Stored items:
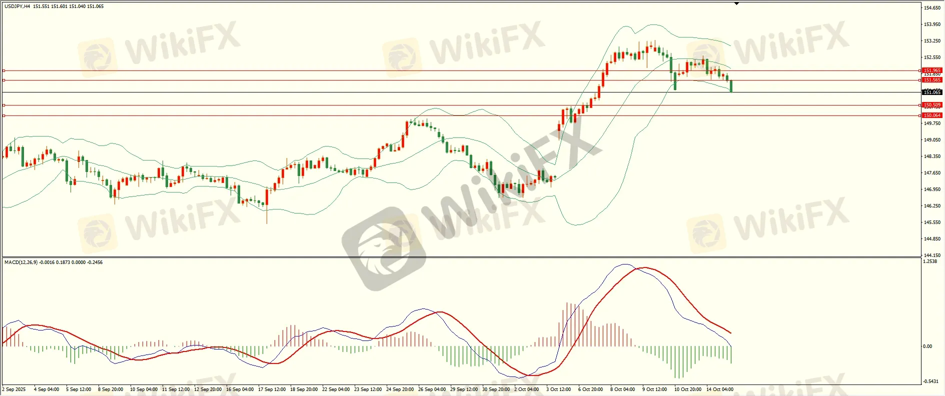 美日昨日亚市开盘后承压下行,日线报收中阴线,上方阻力犹存,短线有延续调整迹象,从4H来看,布林中轨拐头向下,MACD零轴附近运行,日内上方首要阻力151.55,第二阻力151.95,下方支撑150.50,150.00,保持在第一阻力下方短线有望测试第一支撑。
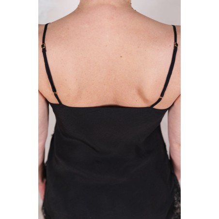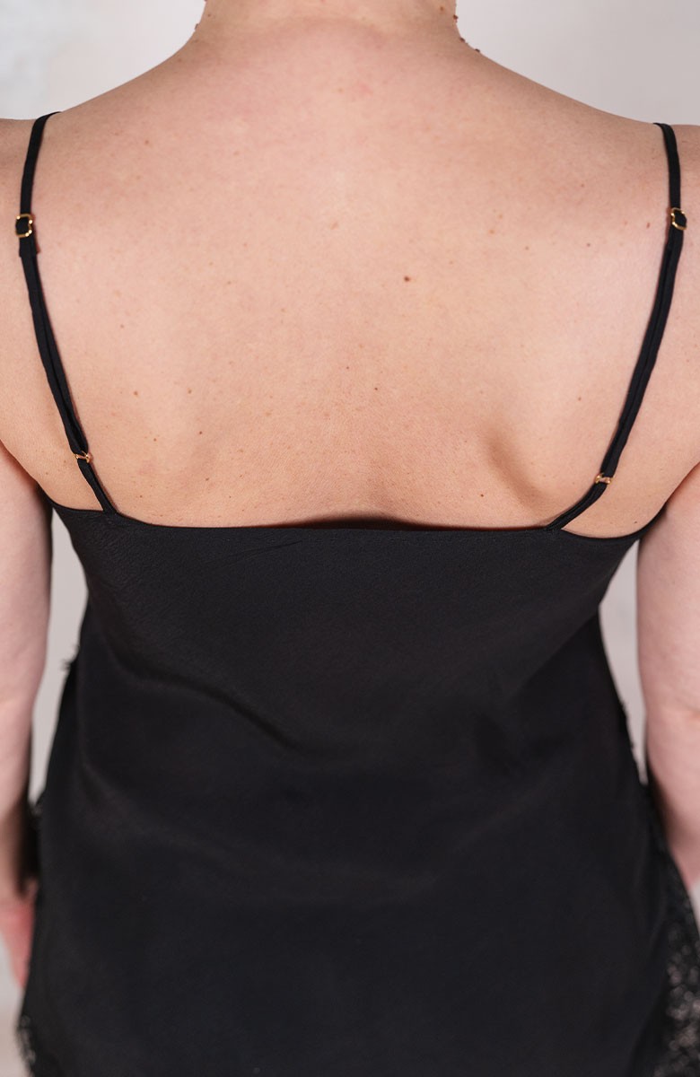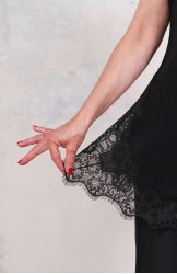 Si chiama sottoveste, eppure la indossi come una t-shirt. Della sottoveste ha le spalline sottili e regolabili, il pizzo posizionato in impeccabile simmetria lungo lo scollo, il fondo e gli spacchi laterali. Prezioso e completamente incrostato. L’incrosto è una lenta tecnica sartoriale grazie alla quale di 2 tessuti ne viene realizzato un terzo: il pizzo non viene banalmente applicato, ma è come se fosse innestato nel tessuto. Tra il pizzo e il tessuto esiste solo lo spessore minimale della cucitura. Il tessuto è crêpe di viscosa, leggerissima, tagliata in sbieco per sfruttare la naturale elasticità del tessuto che scivola così sulle forme, senza segnarle. Per ottenere il crêpe si usano fili ritorti, sottili e compatti, che conferiscono resistenza e una superficie leggermente increspata. Della t-shirt ha la versatilità, la comodità, la facilità. Lei sarà la tua complice prediletta per essere tutte le mille te che sono in te. La riceverai dentro il sacchettino di organza nel suo stesso colore.Composizione e manutenzione
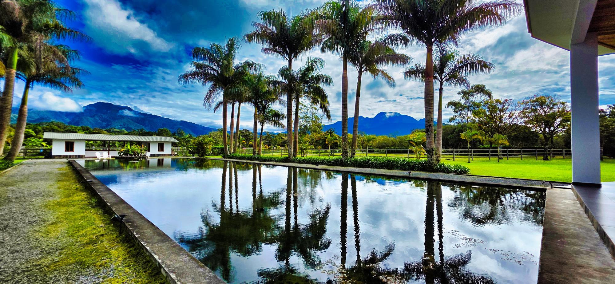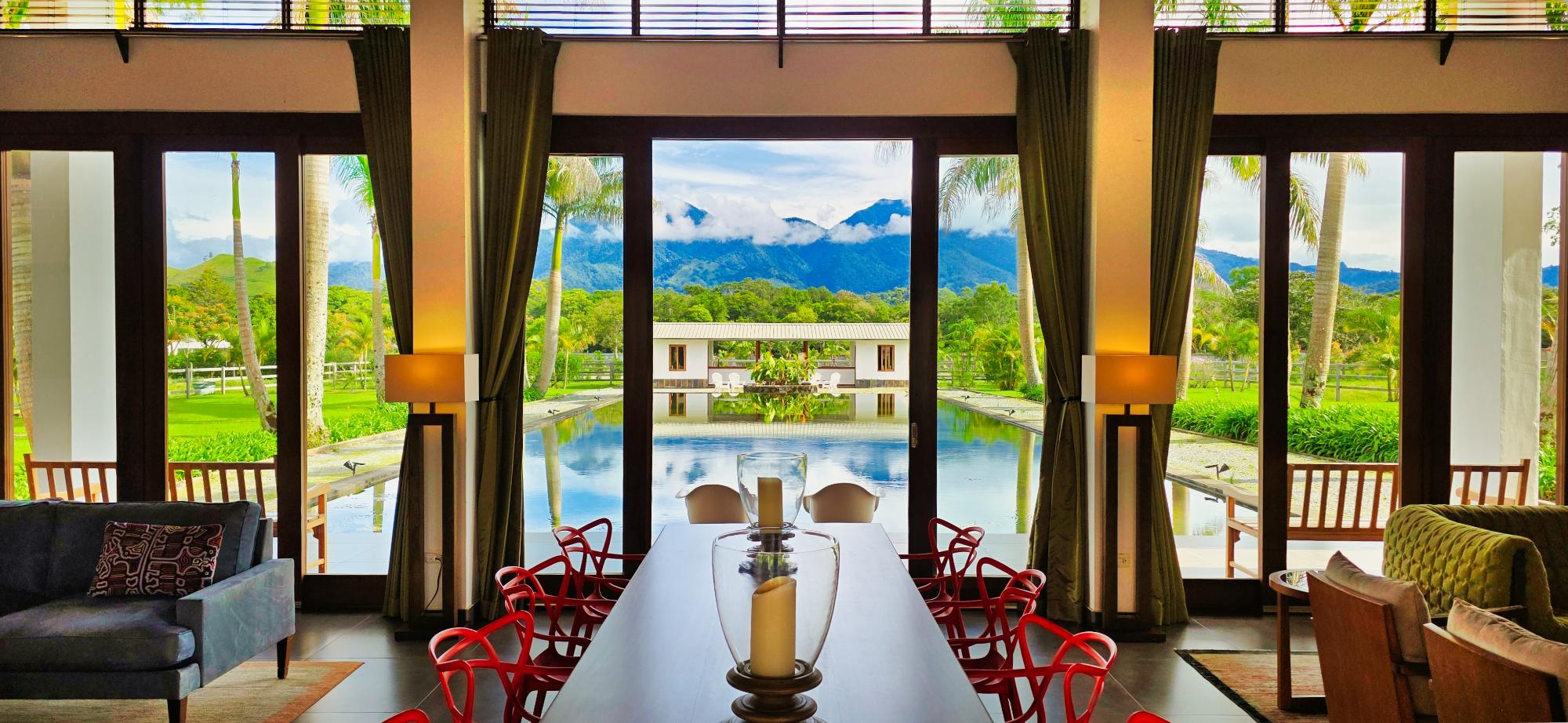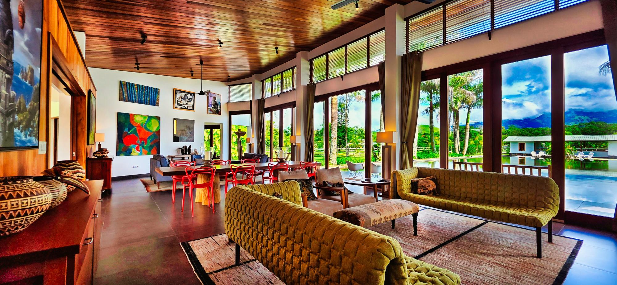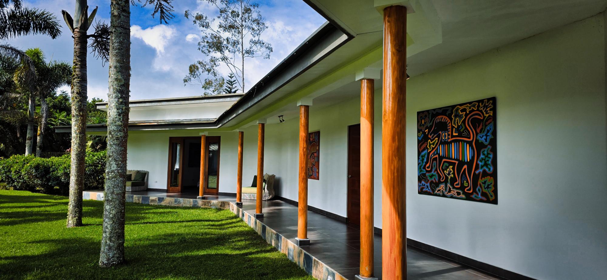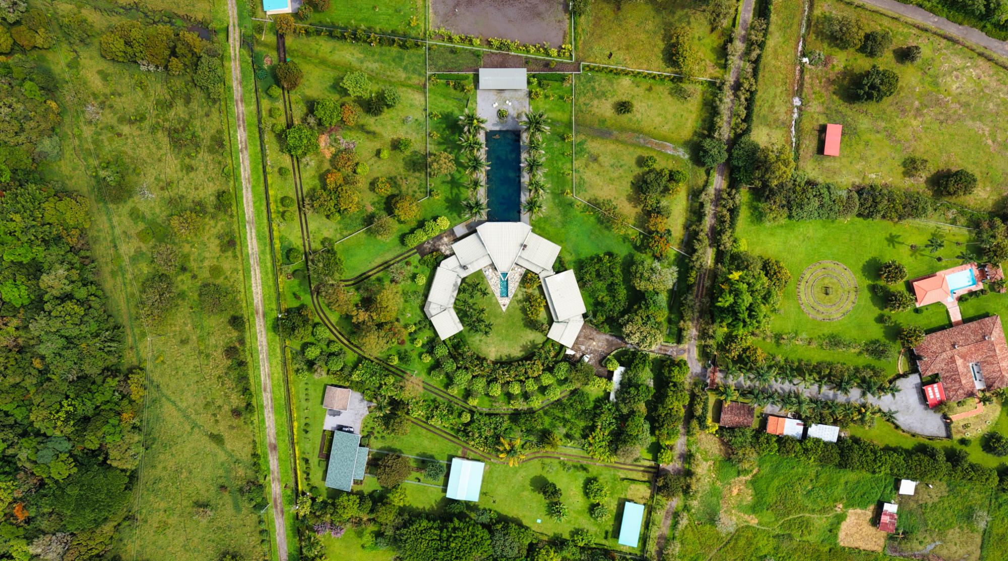 Luxury Home for Sale in Volcan, Tierras Altas, Chiriqui – An architectural jewel nestled in the prestigious Las Lagunas area, surrounded by nature, mountains, and the fresh air of Panama’s highlands. This majestic residence rises on a private 1.75-hectare (4.32-acre) estate, just 2.8 km (9 minutes by car) from Volcán’s main road, and only minutes away from the iconic lagoons and renowned coffee estates of the region. The main residence boasts over 900 m² (9,687 ft2) of construction, combining refined interiors with elegant open terraces designed to enjoy 360° panoramic mountain views and a private interior garden with swimming pool. House is offered as non-furnished. Key Features: Expansive living and dining room with floor-to-ceiling windows and a reflecting pond. Large, fully equipped kitchen with pantry. Three primary bedrooms, each with ensuite bathroom. Two independent apartments with living room, kitchen, and private bedroom with ensuite bath – ideal for guests or generating rental income. A spacious studio, currently used as an art atelier, that can easily be transformed into a private office or creative space according to the owner’s needs. Covered parking for two vehicles on one side of the property, plus a private parking area with direct access to the residence. Extensive landscaped gardens with mature fruit trees, ornamental flowers, and lush green areas, blending luxury living with the natural charm of the highlands. The property has its own water well and large reserve tanks, as well as connection to the IDAAN aqueduct, ensuring a reliable and constant water supply. Main house areas: Closed 459 m2 (4,940 ft2), open 422.84 m2
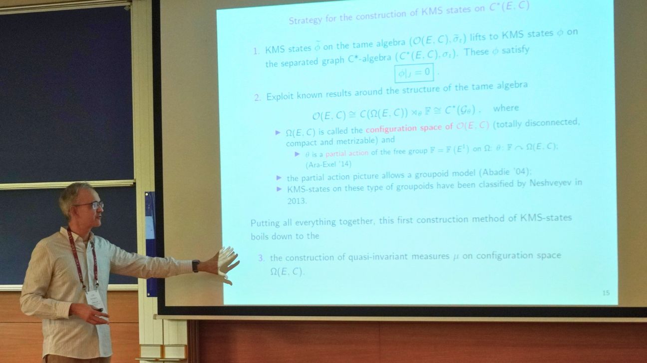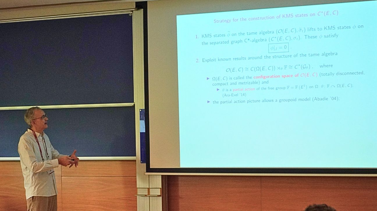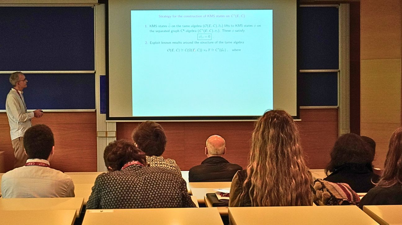 • Joan Claramunt (Universitat Politècnica de Catalunya) closed the event with KMS States for Separated Graph Algebras – II, presenting a second method to construct KMS states for general separated graph C*-algebras and broadening the range of available techniques for studying these systems.
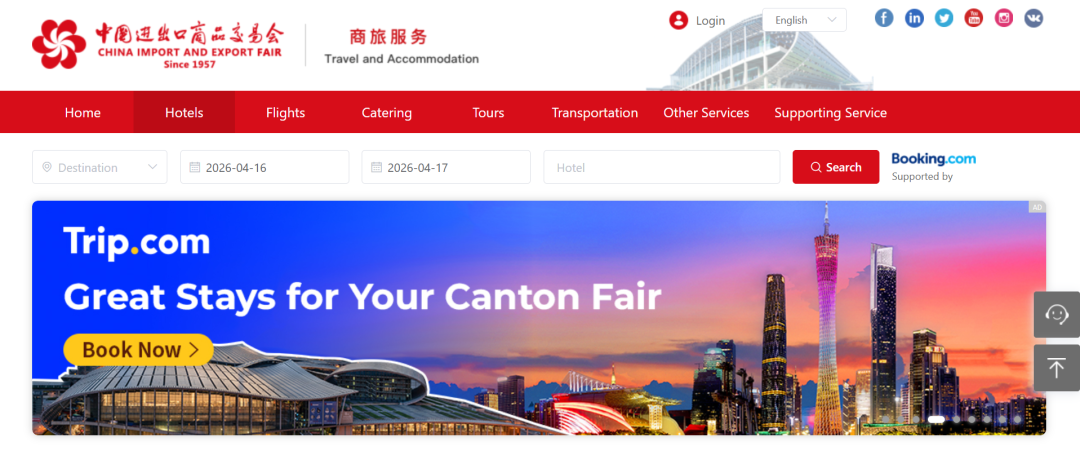广交会客商通过携程国际版平台,一站式预订机票、酒店及旅游产品,平均预订时长仅约6分钟,减少80%的预订耗时。在携程搜索“广交会”“Canton Fair”等多语言关键词,可直接跳转展会专页,一站式订购附近酒店、景区门票、餐厅推荐,以及包含专车接送、地陪翻译、工厂考察的“广州商务专线”定制游。
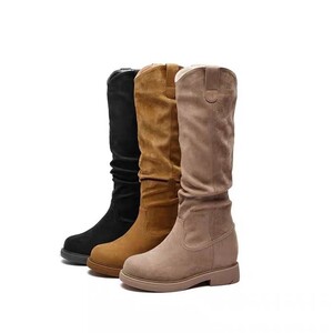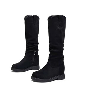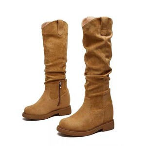 2025年秋季新款褶皱高筒靴复古木纹粗跟圆头堆堆靴女长靴弹力靴

**Work task:** From the line with "studying these systems." down to the last line of the records above, restate each line verbatim, passing over any picture.

**Response area:**
 • Joan Claramunt (Universitat Politècnica de Catalunya) closed the event with KMS States for Separated Graph Algebras – II, presenting a second method to construct KMS states for general separated graph C*-algebras and broadening the range of available techniques for studying these systems.
广交会客商通过携程国际版平台,一站式预订机票、酒店及旅游产品,平均预订时长仅约6分钟,减少80%的预订耗时。在携程搜索“广交会”“Canton Fair”等多语言关键词,可直接跳转展会专页,一站式订购附近酒店、景区门票、餐厅推荐,以及包含专车接送、地陪翻译、工厂考察的“广州商务专线”定制游。
 2025年秋季新款褶皱高筒靴复古木纹粗跟圆头堆堆靴女长靴弹力靴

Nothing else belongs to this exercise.